Чекин подступает к арестанту:

— Ну что я тебе сделал?.. Ну скажи толком, в чём я перед тобою виноват оказался? Зря жалуешься, сам не знаешь на что.

— Он меня портит.

— Э, пошёл!.. Опять за свою дурость. Ну, скажи, пожалуй, чем я тебя портить могу?..

— Данила Петрович, как зачну засыпать, а он тотчас зашепчет, зашепчет… Станет дуть на меня… Изо рта огонь и дым… Смрад идёт… Н-не м-могу я…

— Э, дурной!.. Это, Данила Петрович, он на меня серчает через то, что я иной раз табаком при нём балуюсь.

— Ты его, Данила Петрович, у-уйми… А то хуже чего не было бы… Уйми ты его мне… А т-то я е-его б-бить как зачну…

— Ну это мы посмотрим… Какая персона!.. Подумаешь… Арестант.

— Не смеешь ты, с-свинья, так г-говорить.

— Сам видишь, Данила Петрович… Нешто я что делаю. Сам заводит.

— Ну, оставь его… Охота ночью шум поднимать.

— Да кто он у нас такой?.. Арестант… Плюнуть, так и слюней жалко.

— А, так!.. Ты так с-смеешь говорить!.. Я кто?! Я здешней империи п-п-принц… Я г-г-государь ваш.

— Ну что ты вздор городишь, — строго сказал Власьев, — откуда ты такое слыхал?..

— О-о-от р-родителей.

Лютой, неистовой злобой горят глаза арестанта, он сжимает кулаки, выскакивает в одном нижнем белье из-за кровати и бросается на Чекина. Тот спокойно отводит поднятые на него руки и так кидает арестанта, что тот падает на постель.

— Господи, — захлёбываясь слезами, кричит арестант, — Господи, да что же это такое делается?.. А будь ты проклят!.. Проклят!.. Последний офицеришка меня толкает!.. Господи… В монахи!.. В монастырь меня скорее… В монастырь!..

— В монасты-ырь, — насмешливо тянет Чекин. — В монастырь?.. Кем ты там, дурной, будешь?..

— Ангельский чин приму… Мит-троп-политом стану.

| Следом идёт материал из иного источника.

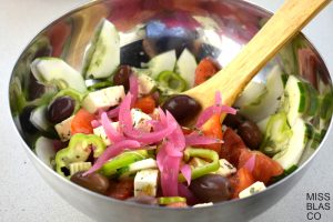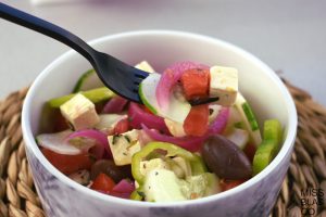 Greek salad is fresh and is the perfect side dish for a barbecue with friends.
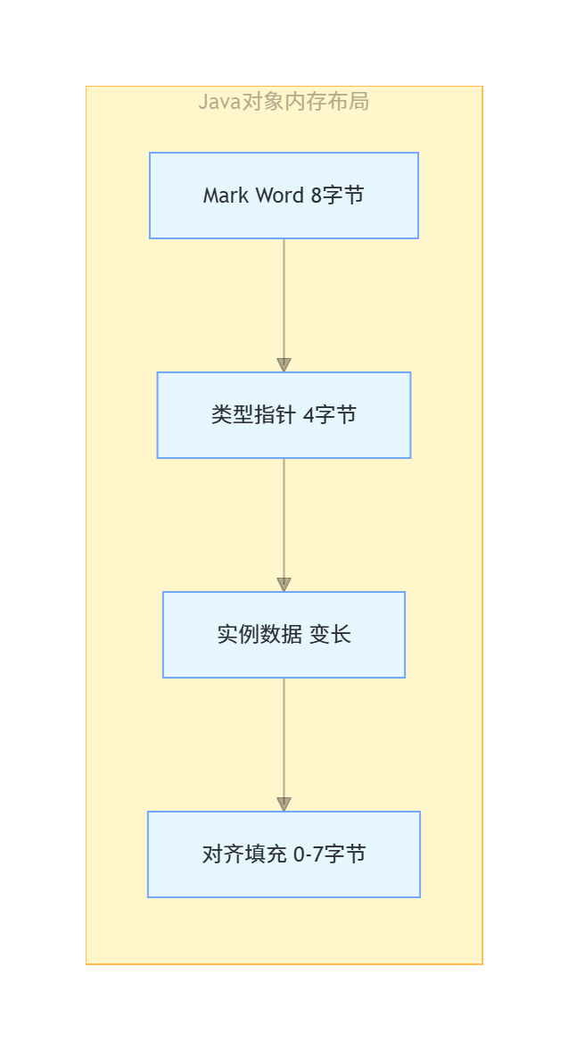 Mark Word:固定8字节,存储对象的哈希码、GC分代年龄、锁状态标志、线程持有的锁等信息。
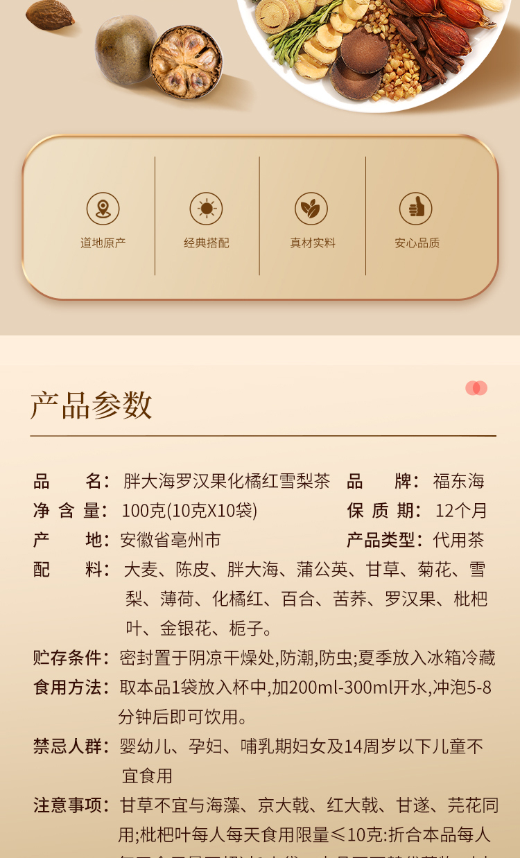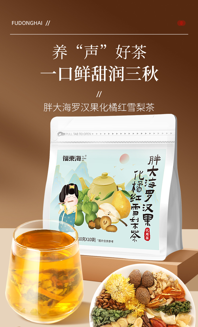 【咽喉伴侣】福东海 胖大海罗汉果化橘红雪梨茶100克(10克*10袋) 独立袋装养生茶
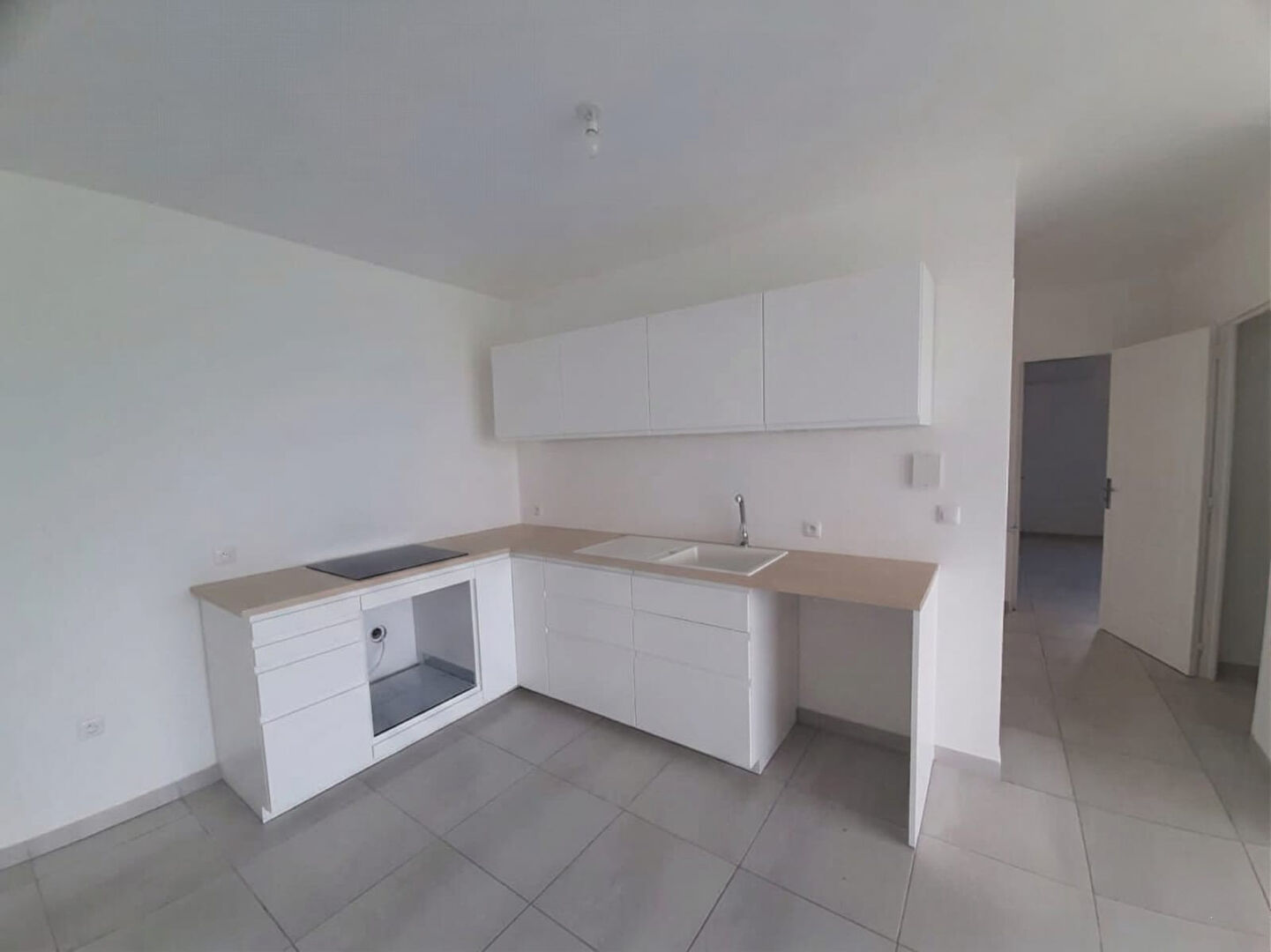 Cuisine moderne : Entièrement équipée avec meubles hauts et bas, et plaques électriques intégrées.
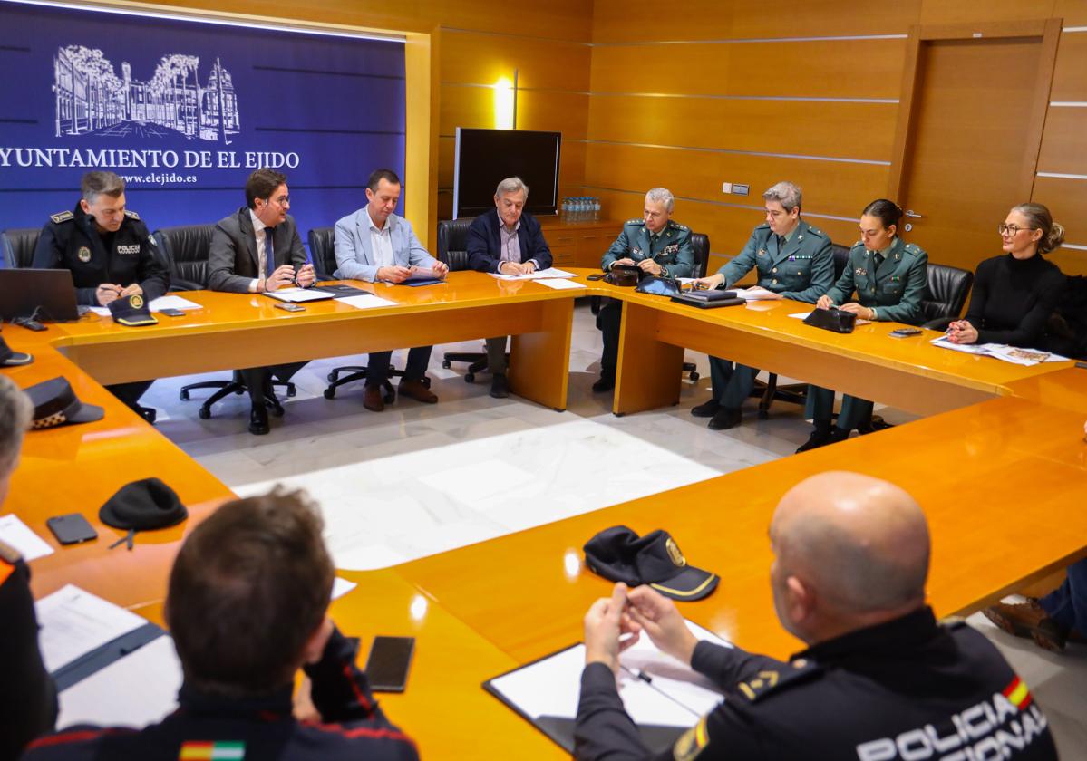 La sesión ha estado copresidida por el alcalde, Francisco Góngora y el subdelegado del Gobierno, José María Martín, junto al intendente jefe de la Policía Local, Marco Muñoz, así como el coronel jefe de la Comandancia de la Guardia Civil en Almería, José Antonio Carvajal; el comisario de la Policía Nacional en El Ejido, José Antonio Roca; el comandante de la Guardia Civil y jefe de la Tercera Compañía en El Ejido, Jesús Mira; la teniente del Puesto principal de la Guardia Civil en El Ejido, Irene Buján; el inspector de la Unidad Adscrita del Cuerpo Nacional de la Policía a la Junta de Andalucía, David de Frutos; el sargento del Consorcio de Bomberos del Poniente, Alejandro Raymond Maldonado; el coordinador de Protección Civil, Luis Prieto; el concejal de Obras Públicas, David Fernández; policías locales y técnicos municipales.

— Ты?.. Митрополитом?.. Загнул, братец!.. Смеху подобно… Ты имени-то своего подписать не можешь, понеже и имени своего не знаешь… Туда же — митрополитом?..

— Нет, я знаю… Я всё знаю…

— Ты?..

— Да, з-знаю. Я поболее твоего знаю… В миру — Гавриил… В монастыре буду — Гервасий… Но сие всё не так… И сие неправда. Да где тебе!.. Т-теб-бе не понять!

— То-то ты хорошо понял.

— Я… Я знаю… Вот смотри, — арестант показал на свои ноги и руки, на грудь, — сие тело… Тело… Да, может статься, и точно арестантово тело, понеже вы его караулите… А сие, — с хитрой и довольной улыбкой арестант показал на голову, — с-сие — п-п-принц Иоанн, назначенный Император российский!..

Серые глаза синеют, яснеют, угрюмое, печальное лицо освещается улыбкой и на мгновение становится почти красивым. Власьев пристально смотрит прямо в глаза арестанта и говорит ему мягко и настойчиво:

— Ничего в твоих коловратных словах понять, ниже уразуметь нельзя. Ну что ты болтаешь?.. Бред один… Ложись и спи… Пойдём, Лука, что нам с ним о глупостях говорить.

Офицеры ушли за ширму. Арестант как стоял у стола, так и остался стоять.

Каждый день одно и то же — и так годы назад и сколько ещё страшных, томительных, скучных, беспросветных лет впереди. Сказывали — до самой смерти… Арестант думал о солнце, которого так давно не видел, что забыл, какое оно… Кажется, жёлтое… Горит, греет, светит, жжёт… Солнце… И травы есть, деревья, луга… Он слышал, читал в Библии… Когда-то видал… Когда — он позабыл сам об этом… Когда был маленьким… Когда вчера Власьев выходил и открыл дверь в коридор, ветер принёс жёлтый, сухой листок, значит, осень уже… Было, значит, лето и прошло. Он не видал его. Ест, пьёт, а толку что… Только резь в животе.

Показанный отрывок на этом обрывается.